Driving in Italy…If the thought of THAT is not stressful enough, there seems to be a lot of confusion about what is an International Driver Permit – also known as an IDP. Do I need this IDP-thing? DO rental vendors ask for it? Is an IDP required by law in Italy? What about all those websites that advertise and sell “international drivers’ license?” What’s that all about?
Random Traffic Stops in Italy
ZTL’s in Rome
Parking Options in Rome
Car Rental Locations in Rome, Orvieto and Chiusi
Riding a Scooter in Rome!
Often the best place to get info is to go to the source! So if you first go to the website for the U.S. Department of State, they say this…..

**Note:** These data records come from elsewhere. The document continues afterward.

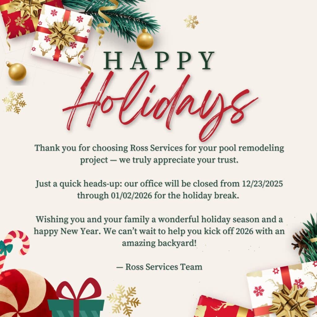 EXCELLENT Based on 338 reviews Posted on jim TTrustindex verifies that the original source of the review is Google. Did amazing job on my pool five star servicePosted on Matthew Buckley AdamsTrustindex verifies that the original source of the review is Google. Fantastic pool remodeling company to work with. Greg is honest and reliable. Helped us choose the perfect color for the tiling and pavers to match in our backyard. Not only were they fast at getting the job done but impeccable work quality too! I would highly recommend you give them a call for your pool job!Posted on s homannTrustindex verifies that the original source of the review is Google. Pool renovation.. fantastic job!Posted on Bruce CalderonTrustindex verifies that the original source of the review is Google. I had Ross resurface my pool a few years ago and not only did they give me the best price out of several estimates I received but they did excellent work. Everyone was professional and dedicated and they maintained a neat and clean job site. Fast forward to today, when I noticed an issue that needed some TLC and was outside the warranty period, Ross stepped up and handled it for me in the most professional way. Everyone i dealt with from the staff answering the phones to the crew that came out, including the manager Alex and the owner Greg, were top notch, professional and genuinely cared about their work product and made sure I was satisfied the entire way. They even followed up after the work was completed to make sure everything was absolutely perfect. I wholeheartedly recommend Ross for all your pool related needs!Posted on Rachel RyanTrustindex verifies that the original source of the review is Google. Did a really great job. Alex consistently communicated with me through out the process. I didn’t have to go anywhere to pick tiles he brought a great selection. The pool looks amazing.Posted on Ronald MartinezTrustindex verifies that the original source of the review is Google. Greg and his team were nothing short of incredible. The customer service was second to none and they were very prompt, communicative, and attentive. Job was complete in less than a week start to finish. Thank you Ross ServicesPosted on Courtney RussoTrustindex verifies that the original source of the review is Google. From the beginning of getting a quote to the end result of our completed pool deck we were very happy with the services of Ross Services! Our technician, Brandon, was amazing and very professional. His work, done by hand, is intricate and flawlessly designed.
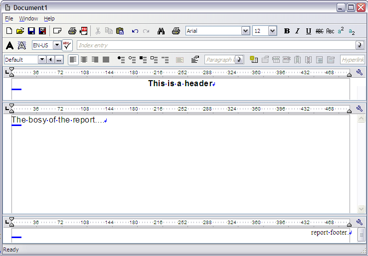 The problem: in this way also the styles of the three part are different and I wish to have only one sheet style. If I define a paragraph style in the header, body and footer don't get the same style.
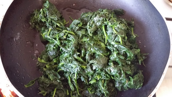 Ponemos las espinacas en un recipiente apto para microondas y cocinamos a media potencia unos 8 min removiendo de vez en cuando.
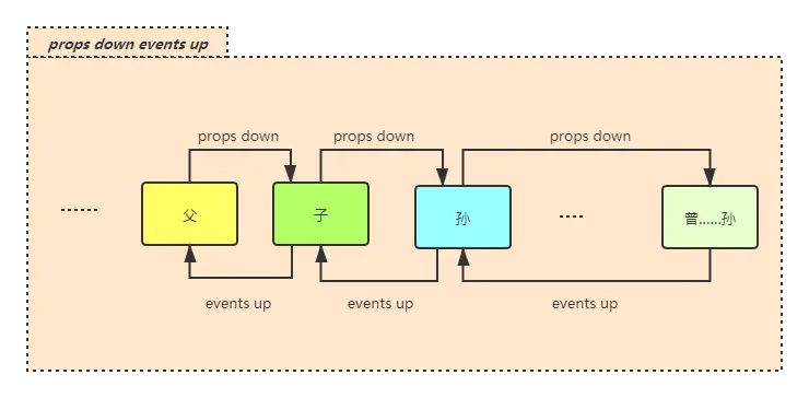 我们已经知道了 "props down events up",但日常的业务远远不止父子之间的“交互”,例如:子孙之间、曾孙之间、曾曾孙之间……!,我该如何想我的下级传递命令?下级做好了一件事,如何向上级报告?情况就越演越烈。
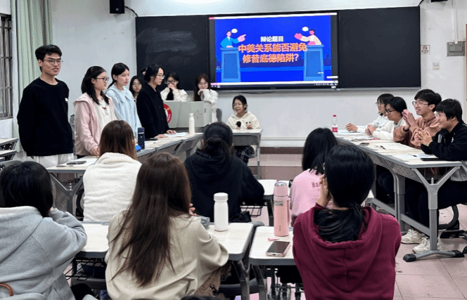 场景化辩论实践:设定场景,理论联系实际。学生化身政策顾问,利用“重商主义”和“经济自由主义理论”回答和解决保护本土企业和鼓励市场自由竞争的矛盾关系问题;化身外交官,回答中美能否避免陷入修昔底德陷阱问题;化身理论家,阐述文明的冲突是否是当今国际冲突的本质问题。
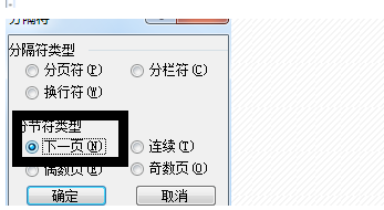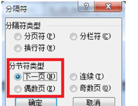 3、在弹出的窗体中选择分节符类型,分节符类型选择下一页,如图所示。
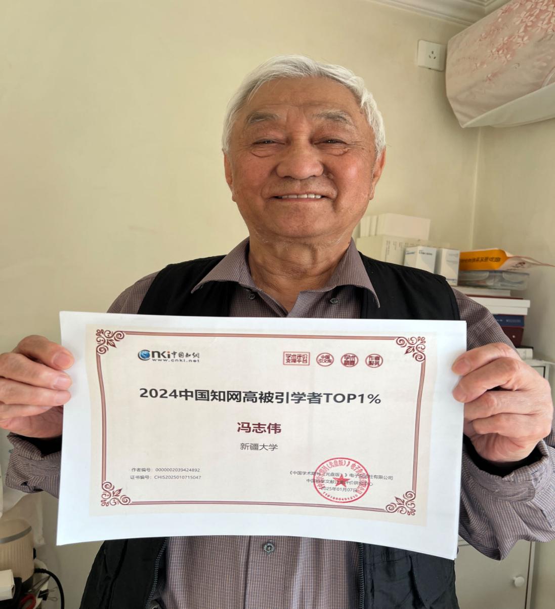 天山学者冯志伟教授入选“2024年中国知网被引学者TOP1%”榜单。
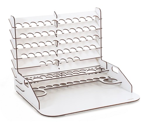 Vallejo malerstativ - Malerstativ 40x30 cm med lodret stativ. Den perfekte løsning til opbevaring af Vallejo-farver. Denne model rummer 76 flasker Vallejo-farver à 18 ml, sammen med 4 flasker à enten 35 ml eller 60 ml, 2 flasker à 200 ml og 10 pensler. Nem montering, der ikke kræver lim.
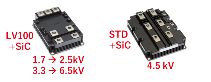 面向高压输配电应用,采用 LV100 封装,额定电压3.3kV、电流200–800A。创新的 SBD 嵌入式设计使芯片面积缩减54%,开关损耗降低58%,彻底消除双极退化风险。该模块已于2023年5/6月正式发布并量产,目前已应用于全球 HVDC输电 与轨道交通系统。
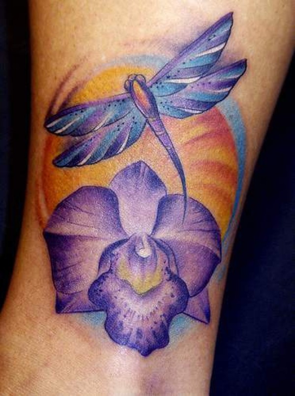 夕阳下的蜻蜓和紫色花朵纹身图案

International Driving Permits
“Although many countries do not recognize U.S. driver’s licenses, most countries accept an International Driving Permit (IDP). IDPs are honored in more than 150 countries outside the United States. (See AAA’s application form for the list of countries). An IDP functions as an official translation of a U.S. driver’s license into ten foreign languages. These licenses are not intended to replace valid U.S. state licenses and should only be used as a supplement to a valid U.S. license. IDPs are not valid in an individual’s country of residence.
Before departure, you can obtain an IDP from an automobile association authorized by the U.S. Department of State to issue IDPs. Article 24 of the United Nations Convention on Road Traffic (1949) authorizes the U.S. Department of State to empower certain organizations to issue IDPs to those who hold valid U.S. driver’s licenses.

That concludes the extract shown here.